Zenith arşivlerinden sizi çok etkileyen bir anekdot paylaşabilir misiniz?
Bana hâlâ ilham veren hikâyelerden biri, Quartz Krizi sırasında Charles Vermot’nun öyküsüdür. Vermot, mekanik saatçiliğin geleceği olmadığını düşünen birçok kişinin aksine, El Primero’nun parçalarını ve planlarını yok etme emrine karşı çıktı. Mekanizmanın parçalarını fabrikanın çatı katında gizlice sakladı. Onun cesareti sayesinde El Primero günün birinde tekrar hayata döndü. Bu hikâyede beni etkileyen sadece direnişi değil, arkasındaki inanç aynı zamanda. Dünya ona sırtını dönmüş gibi görünse de Vermot, gerçek saatçiliğin ayakta kalacağına inanıyordu. İşte bu direnç ruhu ve mükemmelliğe olan inanç, bugün Zenith’te hâlâ yaşıyor.
Uzun yıllardır bu sektördesiniz, yüksek saatçiliğin en zor yanları nedir sizce?
Bence günümüzün en büyük zorluğu ilgiyi hâlâ canlı tutabilmek. Müşterilerimiz daha genç, daha bilgili. Artık sadece güzel bir obje istemiyorlar, özgün ve anlamlı bir şeye sahip olmak istiyorlar. Bizim sektörümüz için kilit nokta, köklerimize sadık kalırken yenilikçi olabilmek.

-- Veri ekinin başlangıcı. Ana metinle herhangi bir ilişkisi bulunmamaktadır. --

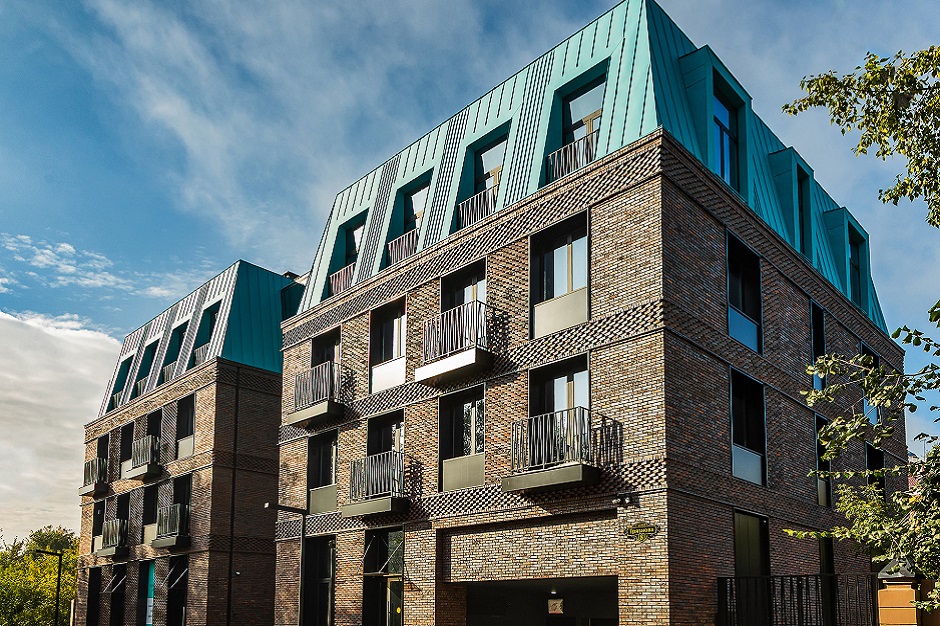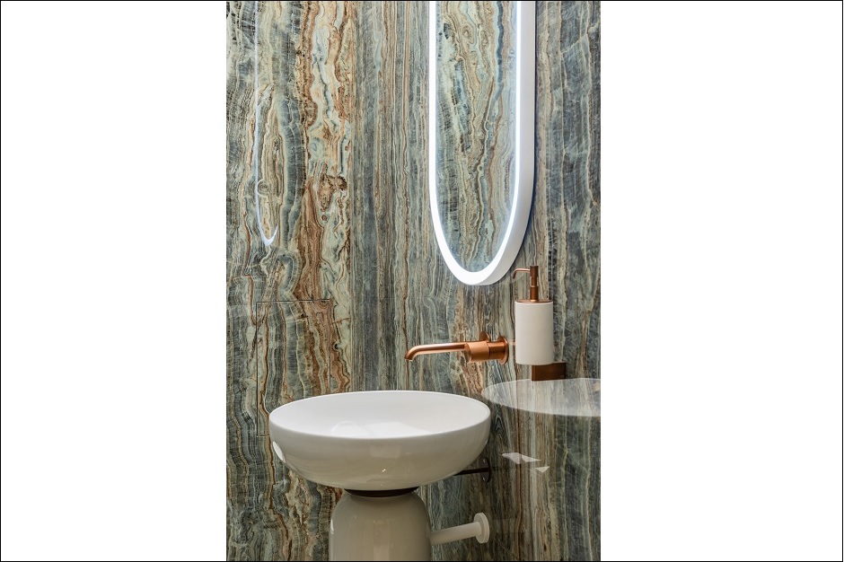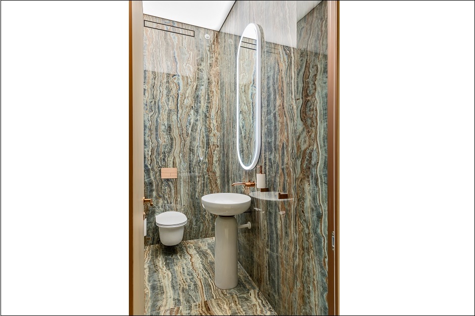 Цветовая палитра интерьера родилась не случайно. Как объяснила Вера Калинина, она является логичным продолжением архитектуры фасада: «Мы анализируем, какие цвета и фактуры есть снаружи, чтобы человек, заходя, не испытывал диссонанса. Так, кирпич превратился в медный акцент, который стал лейтмотивом всего дома — его можно встретить в металле лифта, деталях отделки. А бирюзовые оттенки крыши перешли в ковер и акцентную стену при входе».

Yılın yarısından fazlasını geride bıraktık. Zenith için 2025 nasıl geçti?
Bu sene 160. yıldönümümüzü kutladık; ancak benim için sadece geçen senelere baktığımız değil, Zenith’in ne kadar canlı ve geleceğe dönük bir marka olduğunu gördüğüm bir sene oldu. Ekiplerimizden, iş ortaklarımızdan ve özellikle dünyanın dört bir yanındaki müşterilerimizden aldığımız enerji, Zenith’in köklerine bağlı kalarak geleceğe güvenle ilerleyen bir dönemde olduğunu gösteriyor.

Bu sene karbon ve seramik gibi malzemeleri, tasarımsal açıdan renkli dokunuşları gördük Zenith saatlerinde. Önümüzdeki yılın yenilikleri için ipuçları var mı?

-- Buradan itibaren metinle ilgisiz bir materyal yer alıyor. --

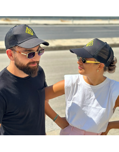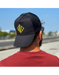 Jockey Hat with Embroidered gold touch logo & mesh- Black

Şunu söyleyebilirim; sürprizlerimiz yine olacak. Malzemeler ve renkler önemli bir rol oynamaya devam edecek. Ancak her zamanki gibi kimliğimize de sadık kalacağız. Yolda olan birkaç proje var; henüz açıklayamasam da büyük heyecan yaratacaklarından eminim.
Sohbetimizi bitirirken bu yılın sektörde ses getiren haberlerinden birine, ABD’nin İsviçre’ye uyguladığı gümrük vergisine değinmek istiyorum. Yeni vergi tarifesi sektörde belirgin bir değişime yol açar mı?

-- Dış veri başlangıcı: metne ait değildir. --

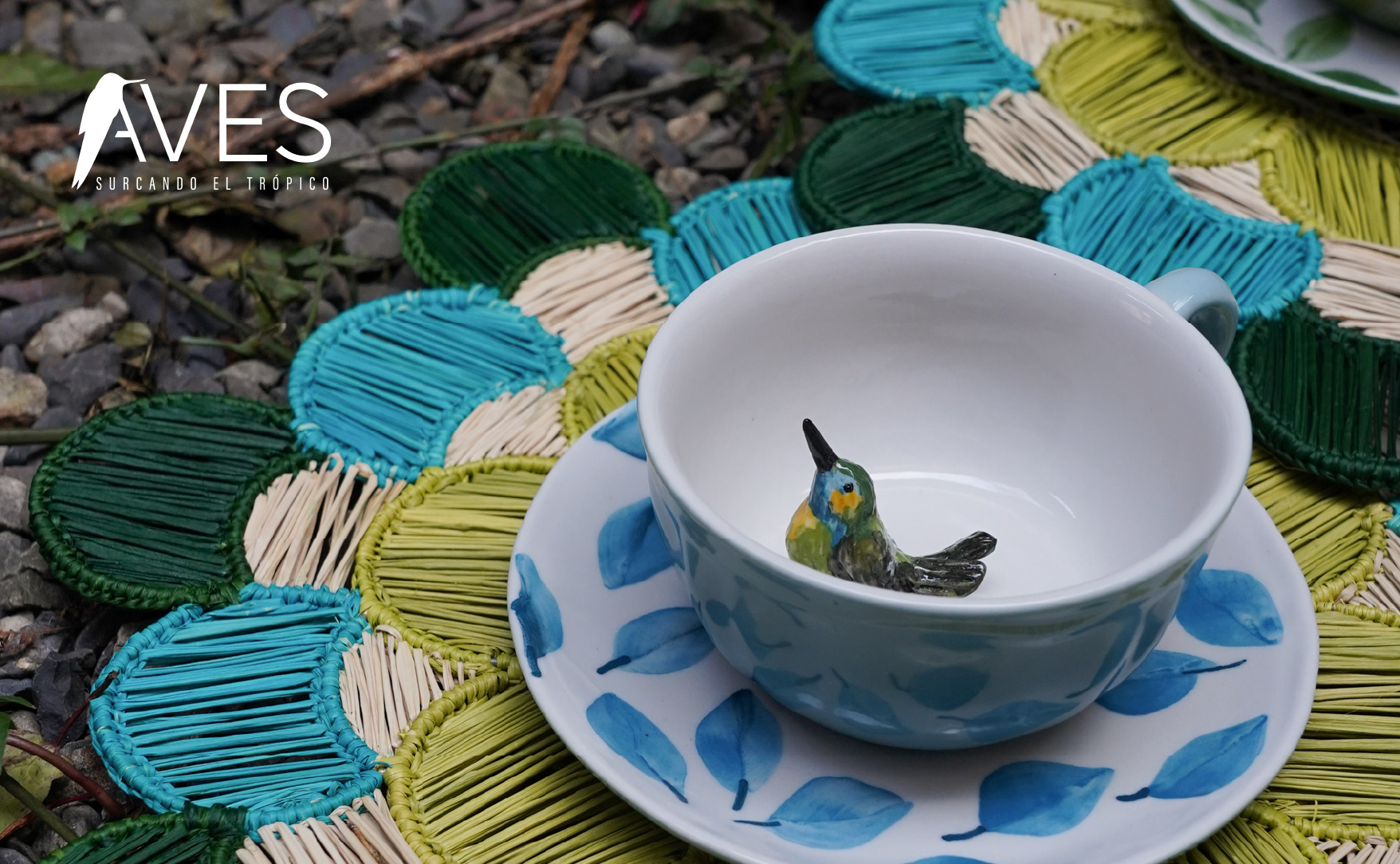 En esta colección convergen saberes tradicionales y procesos contemporáneos, dando vida a objetos donde el color, la textura y el volumen evocan el movimiento, los plumajes y la presencia de estas aves en los distintos territorios del país. Técnicas como el enchape en tamo y en chaquiras, la alfarería, el telar vertical, la talla en madera, el vidrio soplado y diversas cesterías —entre ellas la paja tetera, la iraca y fibras de bosques húmedos y secos— fueron esenciales para traducir los matices tropicales, las iridiscencias de los colibríes, la contundencia de especies como el torito o la delicadeza de aves de páramo. El diálogo entre materiales y oficios permitió materializar desde superficies que recuerdan patrones de plumas hasta volúmenes inspirados en picos, alas o cuerpos en reposo o en pleno vuelo.

Durumu yakından takip ediyoruz fakat ABD’deki müşterilerimize ve iş ortaklarımıza olan bağlılığımız değişmedi. Amerika, Zenith için önemli ve dinamik bir pazar. Bizim için önemli olan Amerikalı koleksiyonerler ve saat meraklılarıyla uzun vadeli ilişkiler kurmak ve marka etrafında deneyimler yaratarak bu bağı güçlendirmeye devam etmek.